- Collected material
──────────

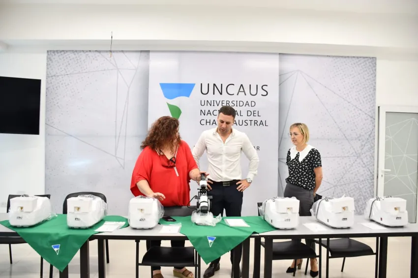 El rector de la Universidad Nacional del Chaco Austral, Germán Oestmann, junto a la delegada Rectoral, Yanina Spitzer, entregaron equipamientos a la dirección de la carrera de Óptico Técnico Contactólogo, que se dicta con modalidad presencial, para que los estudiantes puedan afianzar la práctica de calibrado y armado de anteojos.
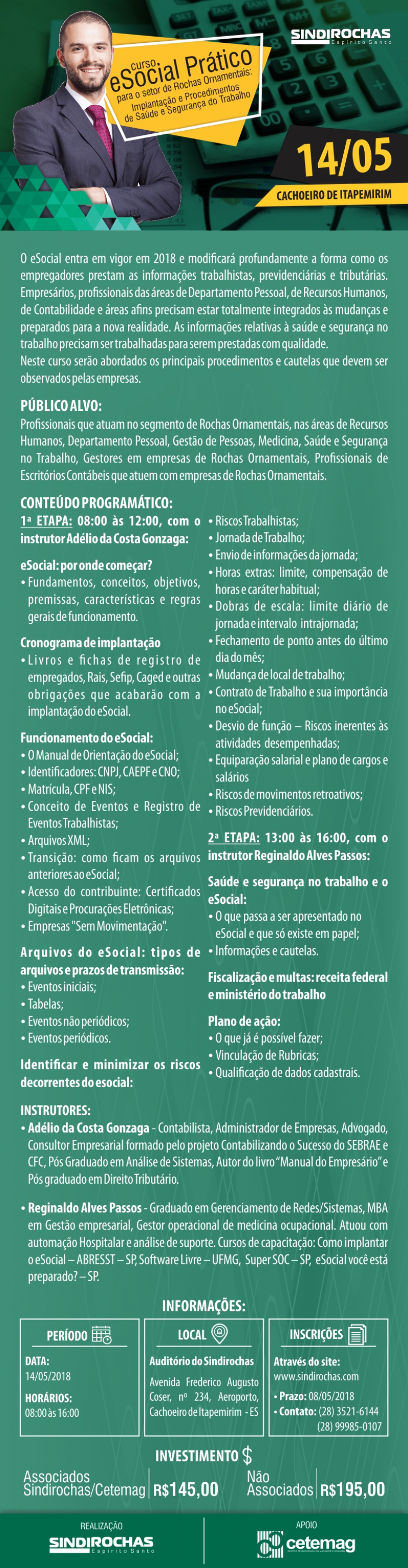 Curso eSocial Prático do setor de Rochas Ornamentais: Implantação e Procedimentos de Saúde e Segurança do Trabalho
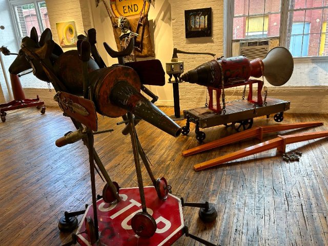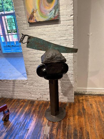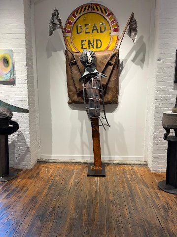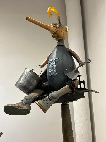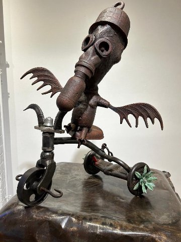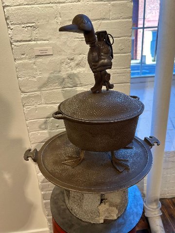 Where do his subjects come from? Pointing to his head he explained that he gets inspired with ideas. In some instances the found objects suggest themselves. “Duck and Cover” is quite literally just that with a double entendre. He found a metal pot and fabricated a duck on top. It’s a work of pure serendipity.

──────────

- What the task requires
Nothing but an exact copy of the data, without pictures, should be returned.

- Task response
 El rector de la Universidad Nacional del Chaco Austral, Germán Oestmann, junto a la delegada Rectoral, Yanina Spitzer, entregaron equipamientos a la dirección de la carrera de Óptico Técnico Contactólogo, que se dicta con modalidad presencial, para que los estudiantes puedan afianzar la práctica de calibrado y armado de anteojos.
 Curso eSocial Prático do setor de Rochas Ornamentais: Implantação e Procedimentos de Saúde e Segurança do Trabalho
 Where do his subjects come from? Pointing to his head he explained that he gets inspired with ideas. In some instances the found objects suggest themselves. “Duck and Cover” is quite literally just that with a double entendre. He found a metal pot and fabricated a duck on top. It’s a work of pure serendipity.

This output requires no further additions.